Required action → An exact copy is needed of the lines in the entries below from the line with "Hoodie (Deep Red)" up to and including the line with "Trzy opakowania z", and of nothing else. Leave the pictures out.

The input →
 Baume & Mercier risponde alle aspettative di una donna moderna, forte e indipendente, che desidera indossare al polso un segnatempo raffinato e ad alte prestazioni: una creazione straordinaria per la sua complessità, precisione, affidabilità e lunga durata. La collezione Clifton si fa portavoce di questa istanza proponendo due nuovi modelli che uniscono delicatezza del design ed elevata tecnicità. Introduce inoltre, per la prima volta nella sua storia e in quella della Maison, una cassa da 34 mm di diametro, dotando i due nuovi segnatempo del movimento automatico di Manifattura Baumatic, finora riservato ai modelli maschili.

...

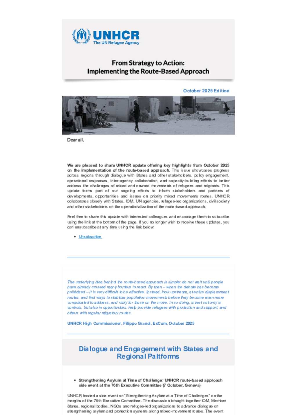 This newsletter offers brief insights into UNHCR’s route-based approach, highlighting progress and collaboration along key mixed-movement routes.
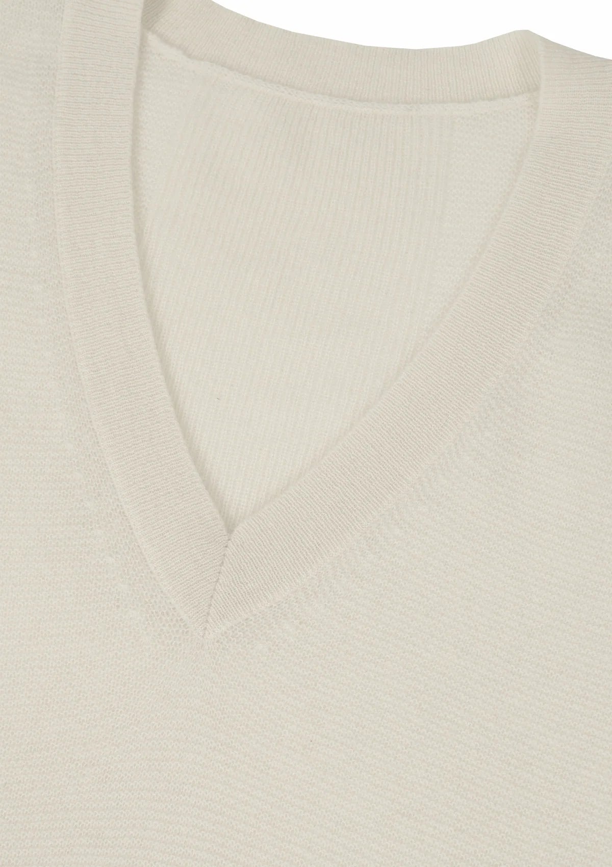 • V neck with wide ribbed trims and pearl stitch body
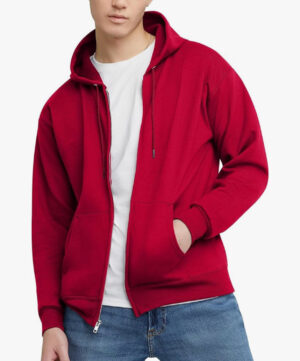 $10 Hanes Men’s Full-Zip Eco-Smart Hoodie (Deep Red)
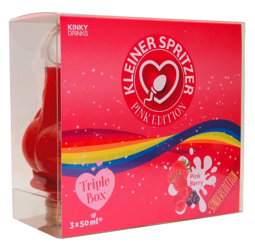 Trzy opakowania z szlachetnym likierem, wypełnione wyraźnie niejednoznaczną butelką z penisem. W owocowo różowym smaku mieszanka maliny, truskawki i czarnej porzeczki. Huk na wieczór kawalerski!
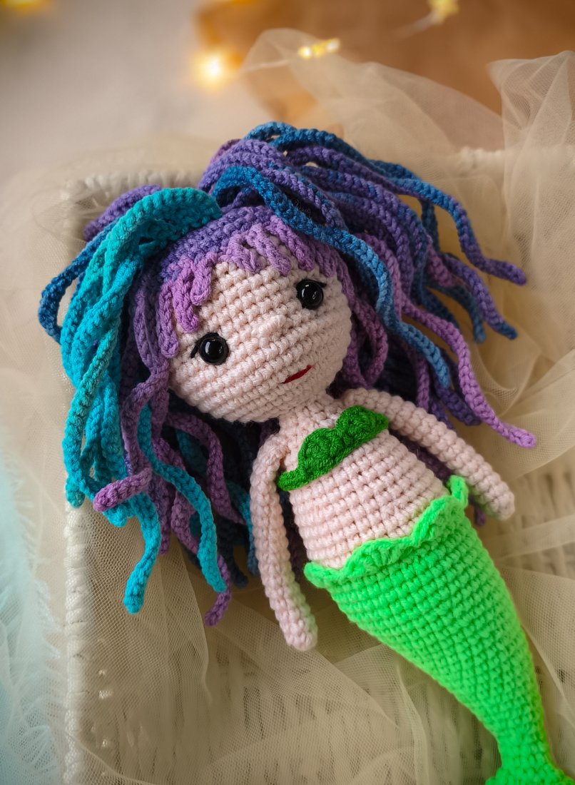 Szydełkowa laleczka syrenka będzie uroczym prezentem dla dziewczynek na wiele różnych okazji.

Solution below →
 $10 Hanes Men’s Full-Zip Eco-Smart Hoodie (Deep Red)
 Trzy opakowania z szlachetnym likierem, wypełnione wyraźnie niejednoznaczną butelką z penisem. W owocowo różowym smaku mieszanka maliny, truskawki i czarnej porzeczki. Huk na wieczór kawalerski!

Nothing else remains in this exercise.